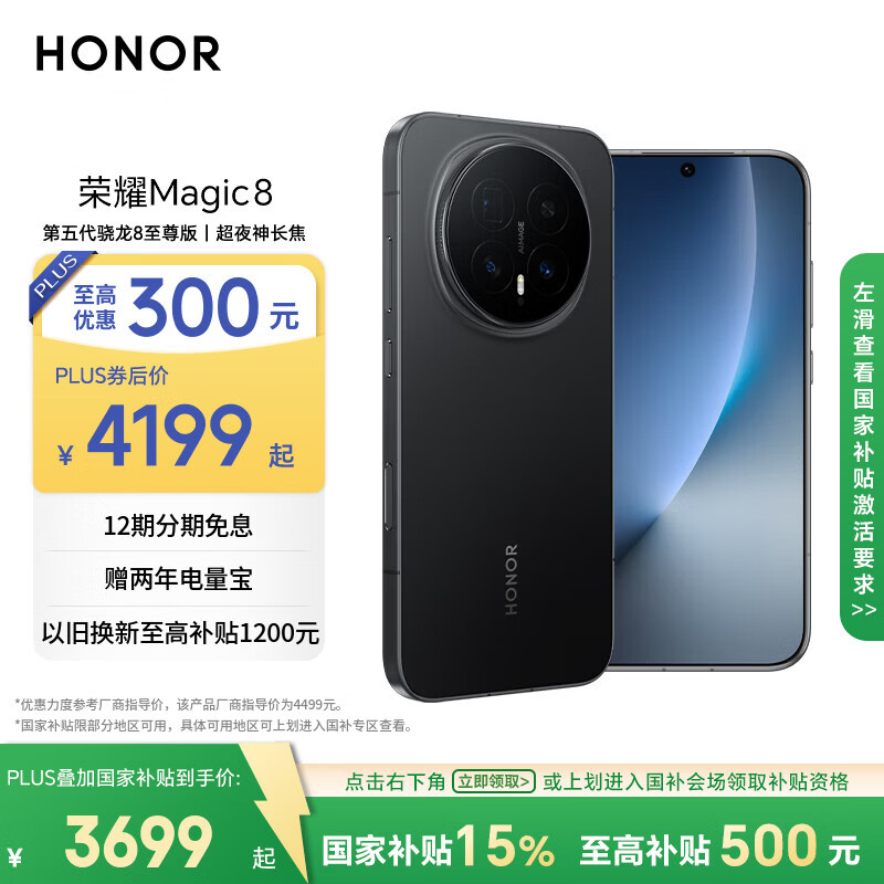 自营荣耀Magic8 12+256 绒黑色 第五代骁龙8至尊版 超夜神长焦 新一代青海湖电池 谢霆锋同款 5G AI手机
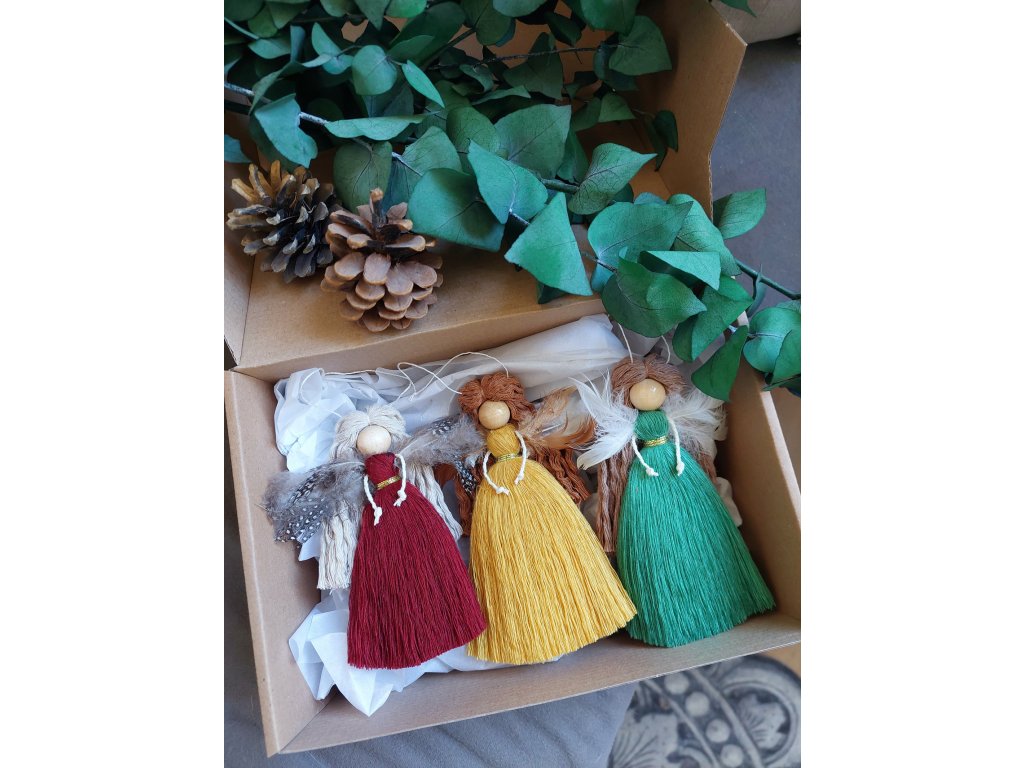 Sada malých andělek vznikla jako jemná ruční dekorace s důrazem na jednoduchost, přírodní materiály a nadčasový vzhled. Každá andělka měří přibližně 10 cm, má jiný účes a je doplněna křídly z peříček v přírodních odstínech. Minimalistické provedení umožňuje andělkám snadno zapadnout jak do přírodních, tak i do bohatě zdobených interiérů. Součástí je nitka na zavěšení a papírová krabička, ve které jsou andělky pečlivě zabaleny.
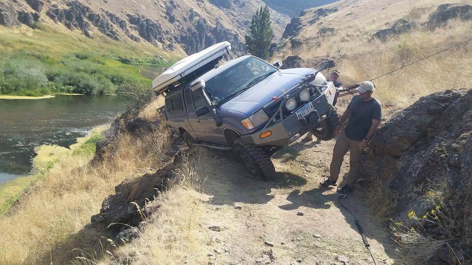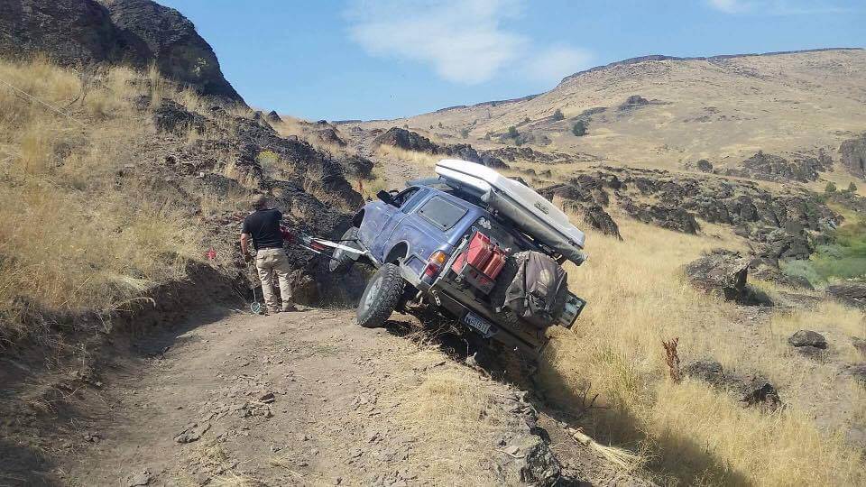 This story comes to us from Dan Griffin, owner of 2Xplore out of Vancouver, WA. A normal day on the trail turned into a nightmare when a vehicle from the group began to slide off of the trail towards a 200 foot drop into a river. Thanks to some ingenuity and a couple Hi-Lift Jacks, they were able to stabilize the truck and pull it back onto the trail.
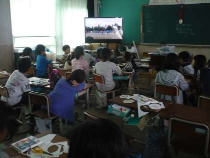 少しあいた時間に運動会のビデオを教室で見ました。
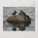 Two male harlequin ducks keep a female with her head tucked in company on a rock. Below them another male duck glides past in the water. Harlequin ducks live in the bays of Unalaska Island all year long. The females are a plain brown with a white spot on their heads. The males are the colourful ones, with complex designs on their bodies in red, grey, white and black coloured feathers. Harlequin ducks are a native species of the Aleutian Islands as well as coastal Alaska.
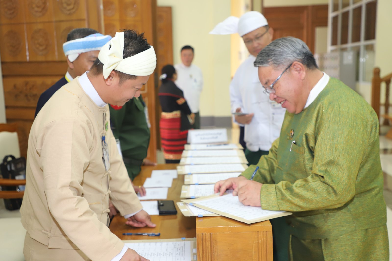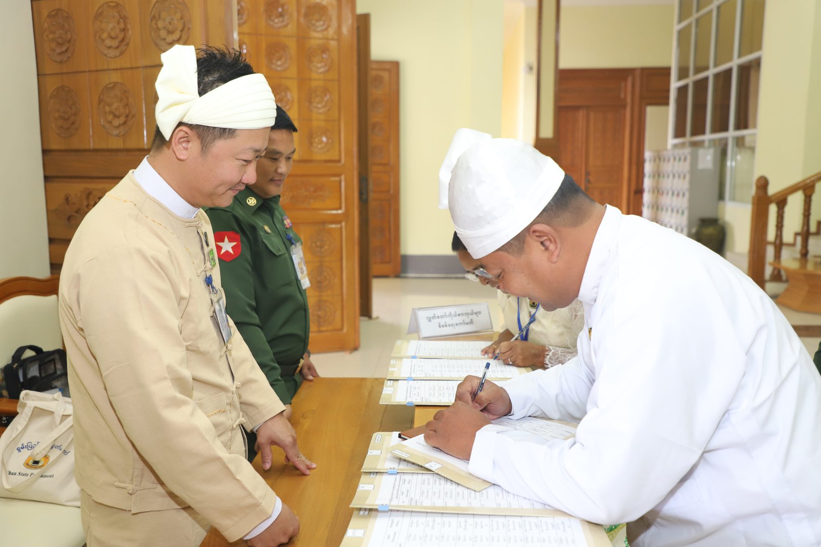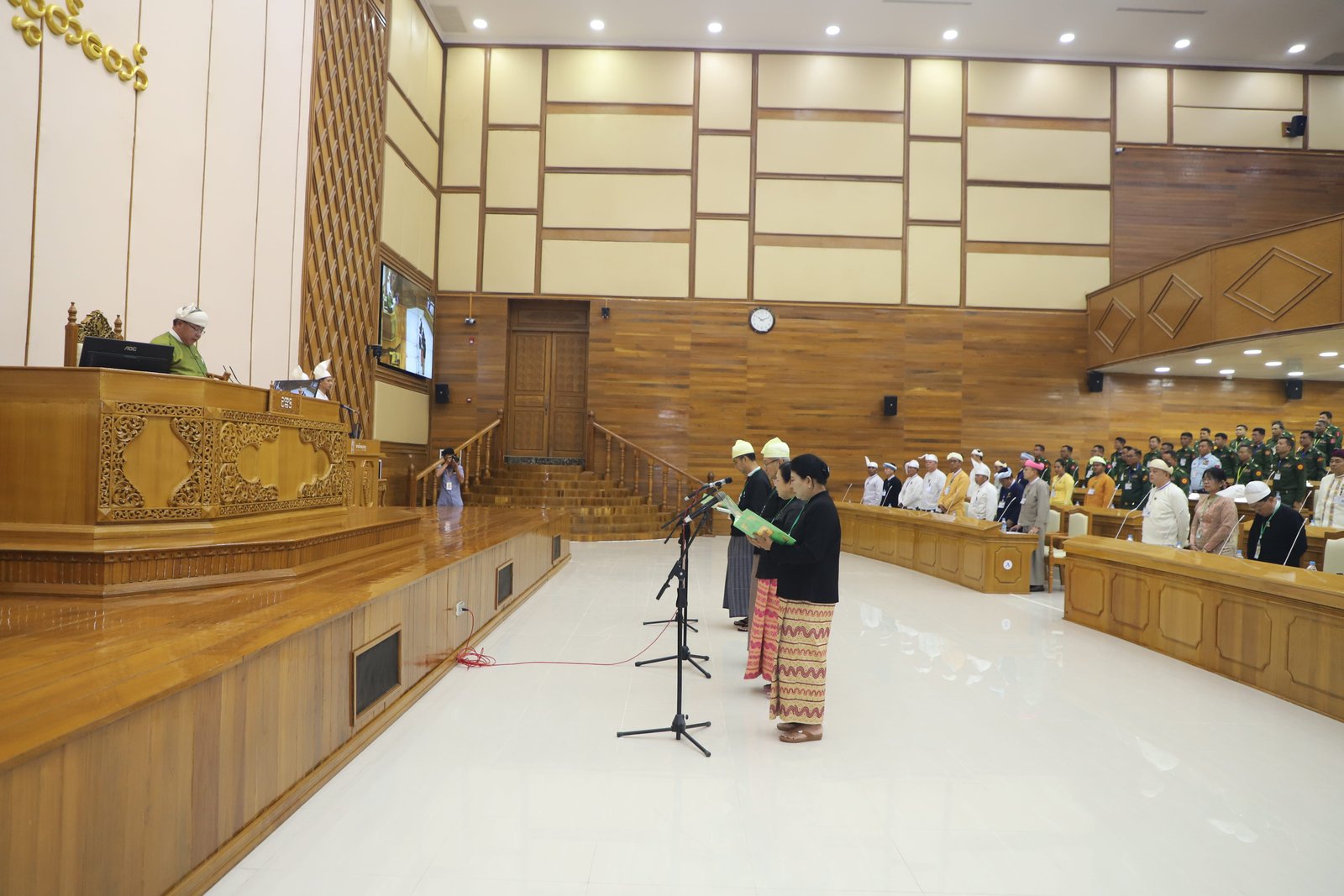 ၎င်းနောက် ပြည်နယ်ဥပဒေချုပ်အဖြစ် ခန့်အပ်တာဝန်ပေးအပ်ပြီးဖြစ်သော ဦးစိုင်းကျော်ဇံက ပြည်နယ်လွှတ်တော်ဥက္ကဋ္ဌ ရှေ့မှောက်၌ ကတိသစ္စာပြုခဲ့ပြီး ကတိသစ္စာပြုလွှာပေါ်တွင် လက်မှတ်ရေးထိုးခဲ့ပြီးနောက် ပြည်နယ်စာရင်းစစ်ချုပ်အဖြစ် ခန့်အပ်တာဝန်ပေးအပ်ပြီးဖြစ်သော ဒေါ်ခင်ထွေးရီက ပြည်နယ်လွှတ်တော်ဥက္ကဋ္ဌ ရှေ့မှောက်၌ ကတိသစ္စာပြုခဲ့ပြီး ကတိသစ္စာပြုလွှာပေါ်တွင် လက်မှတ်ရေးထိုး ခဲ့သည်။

□ □ □ □ □ □ □

## WHAT THE TASK ASKS
Copy each entry exactly as written, and drop the pictures from the copy.

## RESPONSE TO THIS EXERCISE
 自营荣耀Magic8 12+256 绒黑色 第五代骁龙8至尊版 超夜神长焦 新一代青海湖电池 谢霆锋同款 5G AI手机
 Sada malých andělek vznikla jako jemná ruční dekorace s důrazem na jednoduchost, přírodní materiály a nadčasový vzhled. Každá andělka měří přibližně 10 cm, má jiný účes a je doplněna křídly z peříček v přírodních odstínech. Minimalistické provedení umožňuje andělkám snadno zapadnout jak do přírodních, tak i do bohatě zdobených interiérů. Součástí je nitka na zavěšení a papírová krabička, ve které jsou andělky pečlivě zabaleny.
 This story comes to us from Dan Griffin, owner of 2Xplore out of Vancouver, WA. A normal day on the trail turned into a nightmare when a vehicle from the group began to slide off of the trail towards a 200 foot drop into a river. Thanks to some ingenuity and a couple Hi-Lift Jacks, they were able to stabilize the truck and pull it back onto the trail.
 少しあいた時間に運動会のビデオを教室で見ました。
 Two male harlequin ducks keep a female with her head tucked in company on a rock. Below them another male duck glides past in the water. Harlequin ducks live in the bays of Unalaska Island all year long. The females are a plain brown with a white spot on their heads. The males are the colourful ones, with complex designs on their bodies in red, grey, white and black coloured feathers. Harlequin ducks are a native species of the Aleutian Islands as well as coastal Alaska.
 ၎င်းနောက် ပြည်နယ်ဥပဒေချုပ်အဖြစ် ခန့်အပ်တာဝန်ပေးအပ်ပြီးဖြစ်သော ဦးစိုင်းကျော်ဇံက ပြည်နယ်လွှတ်တော်ဥက္ကဋ္ဌ ရှေ့မှောက်၌ ကတိသစ္စာပြုခဲ့ပြီး ကတိသစ္စာပြုလွှာပေါ်တွင် လက်မှတ်ရေးထိုးခဲ့ပြီးနောက် ပြည်နယ်စာရင်းစစ်ချုပ်အဖြစ် ခန့်အပ်တာဝန်ပေးအပ်ပြီးဖြစ်သော ဒေါ်ခင်ထွေးရီက ပြည်နယ်လွှတ်တော်ဥက္ကဋ္ဌ ရှေ့မှောက်၌ ကတိသစ္စာပြုခဲ့ပြီး ကတိသစ္စာပြုလွှာပေါ်တွင် လက်မှတ်ရေးထိုး ခဲ့သည်။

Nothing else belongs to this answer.